Comments:
Softcover, 128 pages, 94 black-and-white photos and illustrations, 6 color plates
ISBN: 978-1-5267-0786-4
Price: $22.95
Publisher: Pen & Sword
From the publisher: By the time of the 1942 Japanese occupation of the Malay Peninsula and Singapore, the Malayan Communist Party (MCP) had already been fomenting merdeka — independence — from Britain. The Japanese conquerors, however, were also the loathsome enemies of the MCP’s ideological brothers in China. An alliance of convenience with the British was the outcome. Britain armed and trained the MCP’s military wing, the Malayan People’s Anti-Japanese Army (MPAJA), to wage jungle guerrilla warfare against Japanese occupying forces.

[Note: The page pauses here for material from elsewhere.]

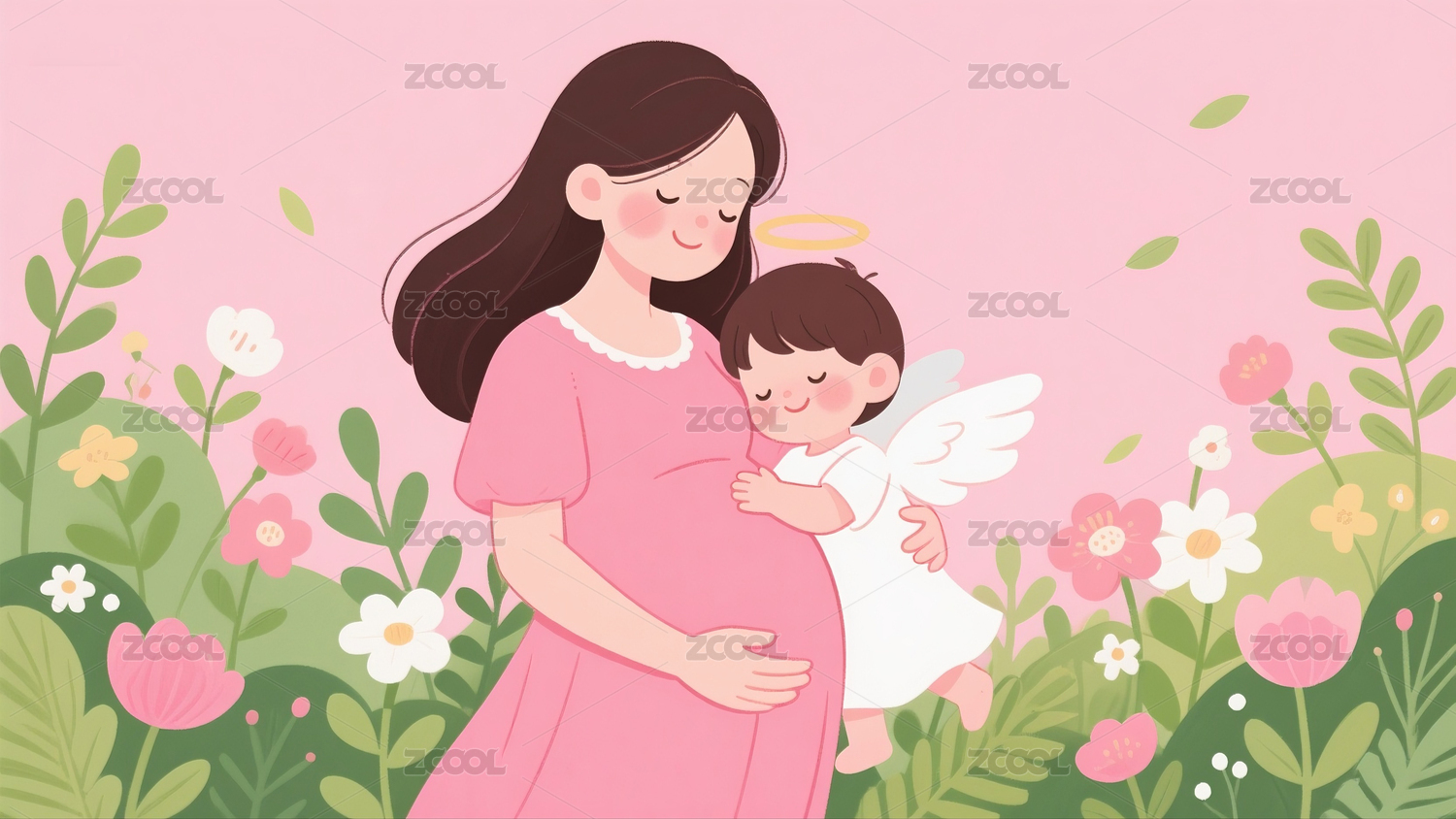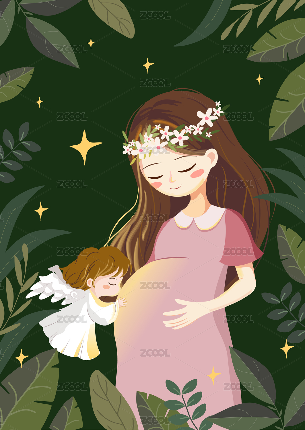 女孩,女人,女生,女性,孕妇,胎儿,孕妈,准妈妈,插图,插画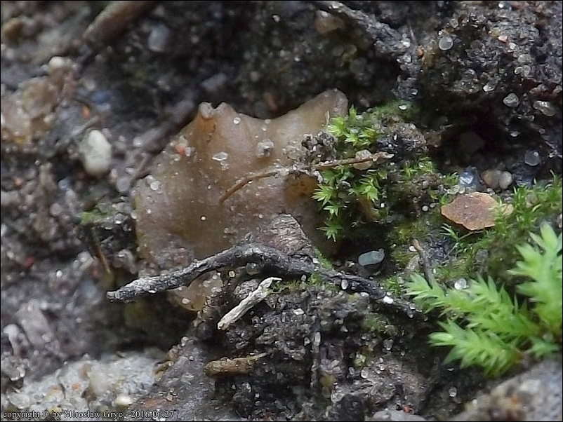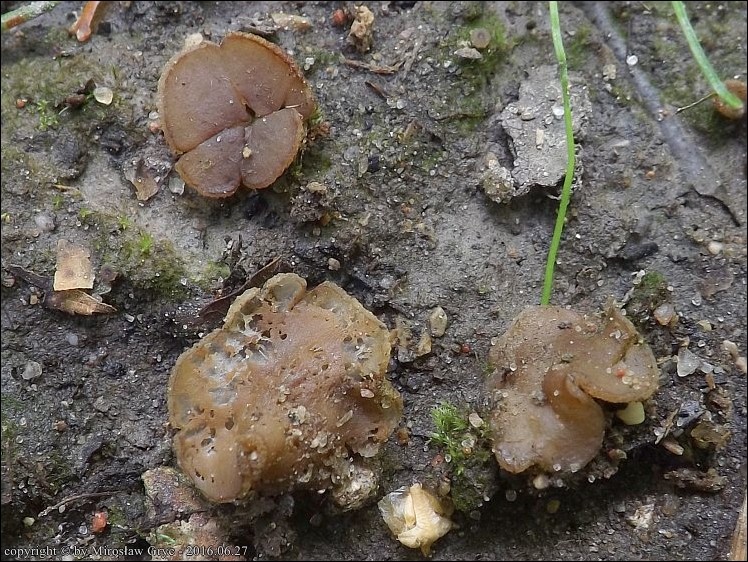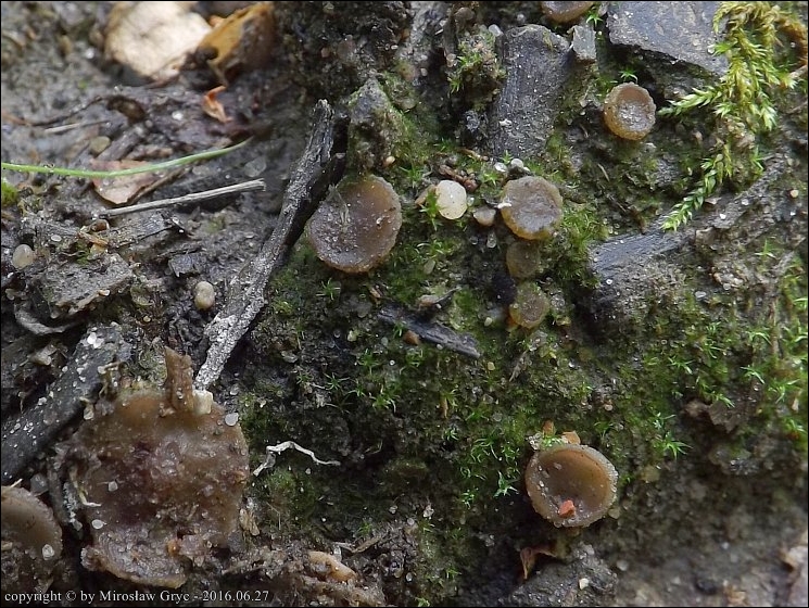 Substrat: Las mieszany. Owocniki na błotnistej koleinie drogi leśnej (bardzo prawdopodobne, że w podłożu znajdował się węgiel).

With the cessation of hostilities, anti-Japanese became anti-British, and, using the same weapons and training fortuitously provided by the British army during the war as the MCP launched a guerrilla war of insurgency.

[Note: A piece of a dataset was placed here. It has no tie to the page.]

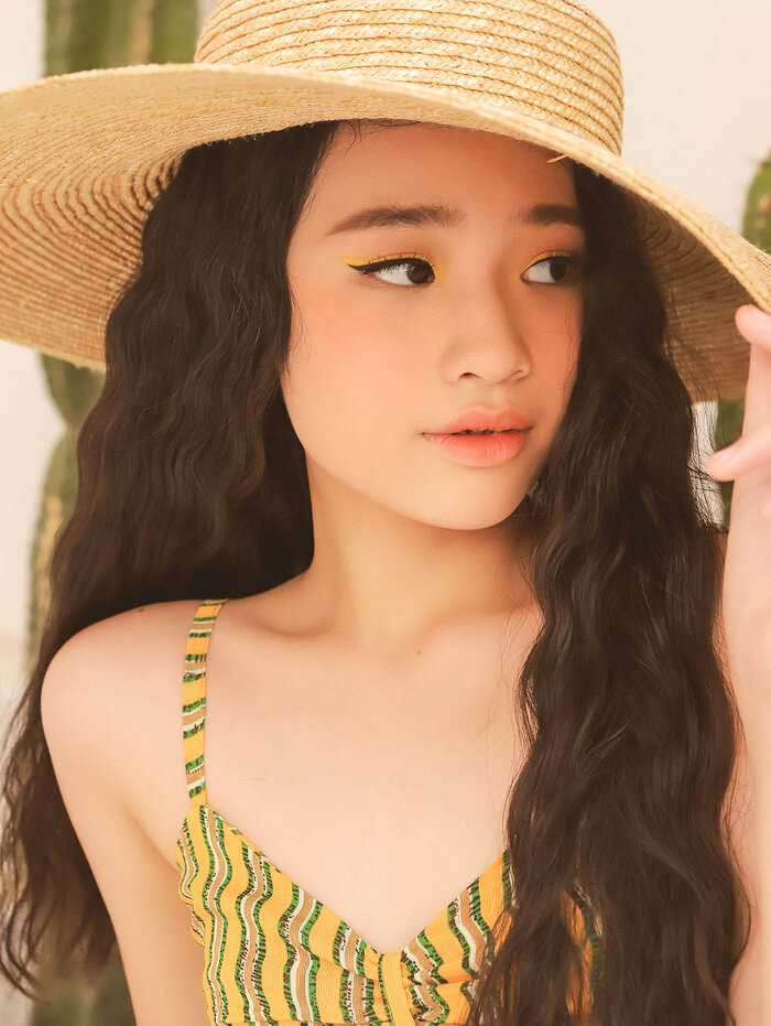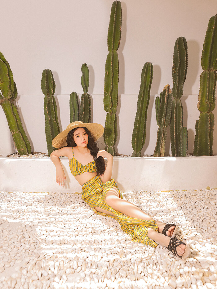 12/06/2020 21:03Mẫu nhí 11 tuổi gợi ý set đồ đi biển sành điệu với sắc vàng rực rỡ

Malaya was of significant strategic and economic importance to Britain. In the face of an emerging Communist regime in China, a British presence in Southeast Asia was imperative. Equally, rubber and tin, largely produced in Malaya by British expatriates, were important to British industry. Typically, the insurgents, dubbed Communist Terrorists, or simply CTs, went about attacking soft targets in remote areas: the rubber plantations and tin mines. In conjunction with this was the implementation of Mao’s dictate of subverting the rural, largely peasant, population to the cause. Twelve years of counter-insurgency operations ensued, as British forces were joined in the conflict by ground, air, and sea units from Australia, New Zealand, Southern and Northern Rhodesia, Fiji and Nyasaland.
FSM says: Deep background on a long-running conflict in this corner of the world.